§ TASK INSTRUCTIONS
From the listing below, reproduce exactly the lines starting with the one with "Public Notice for" and going on through the one with "8x 8ft Shed", both ends kept. No picture is copied.

START EXCERPTED DATA

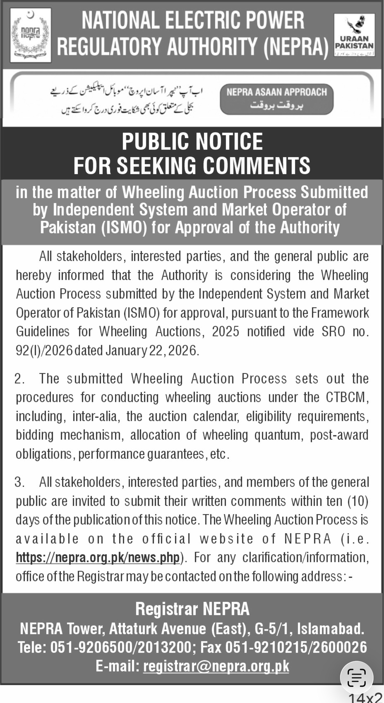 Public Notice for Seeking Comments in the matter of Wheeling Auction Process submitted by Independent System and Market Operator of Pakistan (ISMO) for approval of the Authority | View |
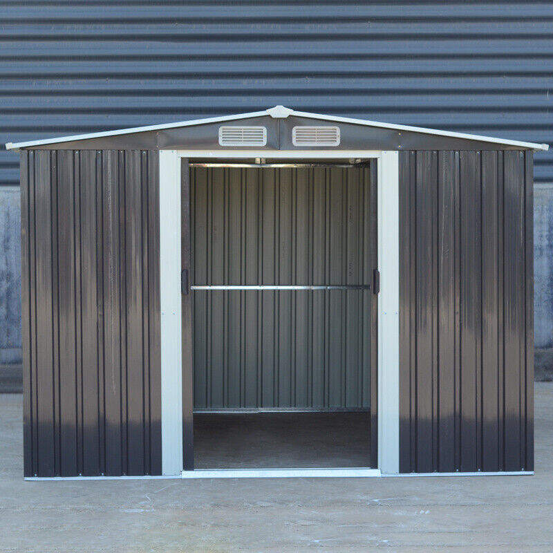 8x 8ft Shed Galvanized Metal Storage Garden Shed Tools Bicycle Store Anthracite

END EXCERPTED DATA
START EXCERPTED DATA

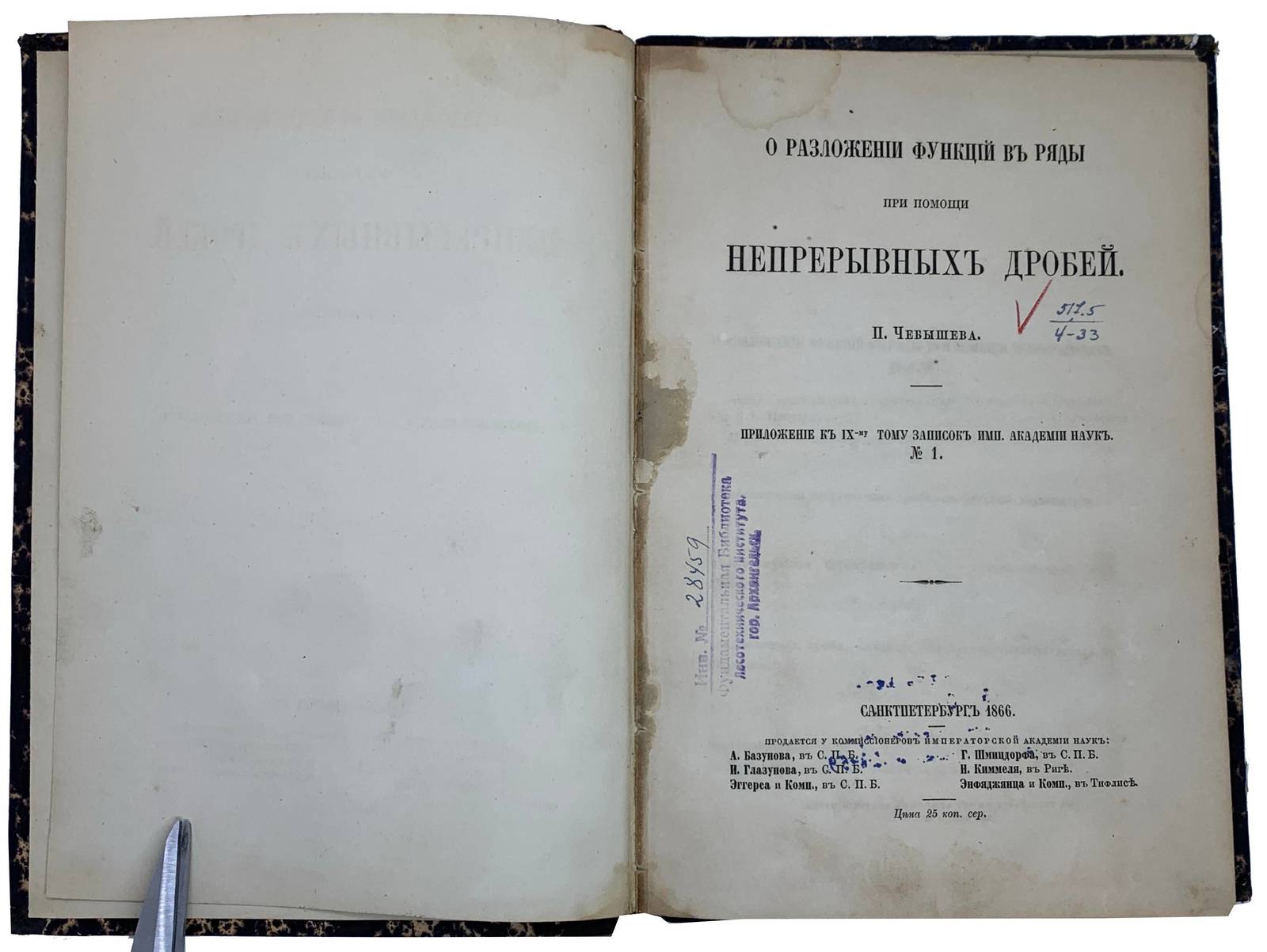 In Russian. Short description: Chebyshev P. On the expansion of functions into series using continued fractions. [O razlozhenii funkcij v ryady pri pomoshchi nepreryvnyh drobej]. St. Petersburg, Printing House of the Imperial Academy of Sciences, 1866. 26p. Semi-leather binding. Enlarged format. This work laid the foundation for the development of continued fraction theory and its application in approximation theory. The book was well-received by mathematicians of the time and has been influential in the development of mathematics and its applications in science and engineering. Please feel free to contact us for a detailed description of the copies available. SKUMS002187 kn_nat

END EXCERPTED DATA

§ TASK SOLUTION
 Public Notice for Seeking Comments in the matter of Wheeling Auction Process submitted by Independent System and Market Operator of Pakistan (ISMO) for approval of the Authority | View |
 8x 8ft Shed Galvanized Metal Storage Garden Shed Tools Bicycle Store Anthracite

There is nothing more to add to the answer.